Germany’s auto industry, its major exporter, is huge and powerful. It helped build up Hitler, made billions from slave laborers during the war and grew even stronger after 1945, as the backbone of West Germany’s “economic miracle”. Those with steady work making Mercedes, BMW, Opel, VW, and Porsche won relatively high wages and benefits and became one of the best situated sectors in the economy – but no longer the most militant. The atmosphere in worker-manager company councils was often friendly, sometimes even chummy.

But that is changing – fast! The nasty emission-concealing scandal, an escalating switch from stinky fluid fuels to odorless electricity, from assembly lines with humans to twisting, turning robot arms, with software replacing skilled workers, are taking effect.

So are sanctions against Russia, a major importer, and sinking sales to China. Management promises to save jobs where possible are not all too convincing; workers realize, now if not earlier, that the main worries of the big bosses circle around profits, while for them, as one woman at Stuttgart said: “It’s the same wherever you go; no job is safe!” Was this protest an omen of big new conflicts ahead?

Big demonstrations can be highly dramatic, or bloody at times, but can also be stirring examples of solidarity, determination and courage, as in Chile, Ecuador, Colombia, Sudan, Lebanon. Of course, they vary; an unusual abundance of US flags does not always prove a progressive ground swell, especially when loudly greeted, almost unanimously, by both the U.S. Congress and Donald Trump.

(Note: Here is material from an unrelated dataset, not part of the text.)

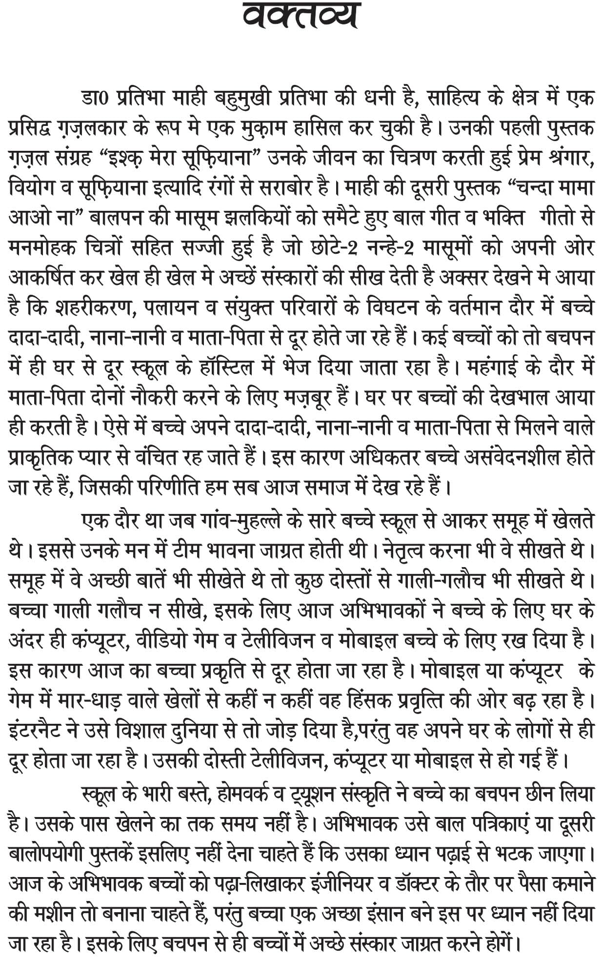 This Hindi poetry book for children by Dr. Pratibha Mahi offers a delightful collection of poems designed to spark imagination, creativity, and a love for language. The poems are written in simple, engaging Hindi that children can easily understand and enjoy, making reading both fun and educational.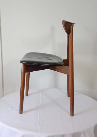 Spisebordsstol design Harry Østergaard. Produceret af Randers Møbelfabrik. Stel i teak med læderbetrukket sæde. Sædet fremstår med brugspatina. Pæn stand.

U.S.A. flag-bearers, and those of other countries, may find few cheering crowds in April and May when 16 NATO countries plus Finland and Georgia conduct, right on Russia’s borders, one of the biggest military maneuvers since the Cold War. Participating will be 37,000 soldiers, among them thousands of GIs with heavy equipment flown over to join in.

With Germany in the middle of Europe, much of the super-modern weaponry, with deadly missile bearers overhead, will be causing train delays, traffic tie-ups and tanks clanking over the “blossoming landscapes” once promised to East Germans if they vote for unification.

Some made bitter comparisons with all-too-similar military moves in 1939 and 1941.

Aside from the noise and turmoil, such “defensive” maneuvers always contain a fearsome possibility; one blunder, one missile fired mistakenly at a false angle, one accidental plane crash or a malicious provocation could be a spark and, within seconds, render all worries about fertilizers, hungry polar bears, emission concealment, multiple job losses or Ukrainian phone calls forever irrelevant.

Some hope to disrupt this fearful menace and discourage its expansion or repetition. A hundred experts from a mix of opposition organizations met in Leipzig to plan some action; legal challenges, leaflet distribution to those in or out of uniform, posters and banners, also hung from bridges, anti-maneuver relay races, perhaps civil disobedience action and a big demonstration near the main highway route, perhaps in East German Cottbus or Magdeburg.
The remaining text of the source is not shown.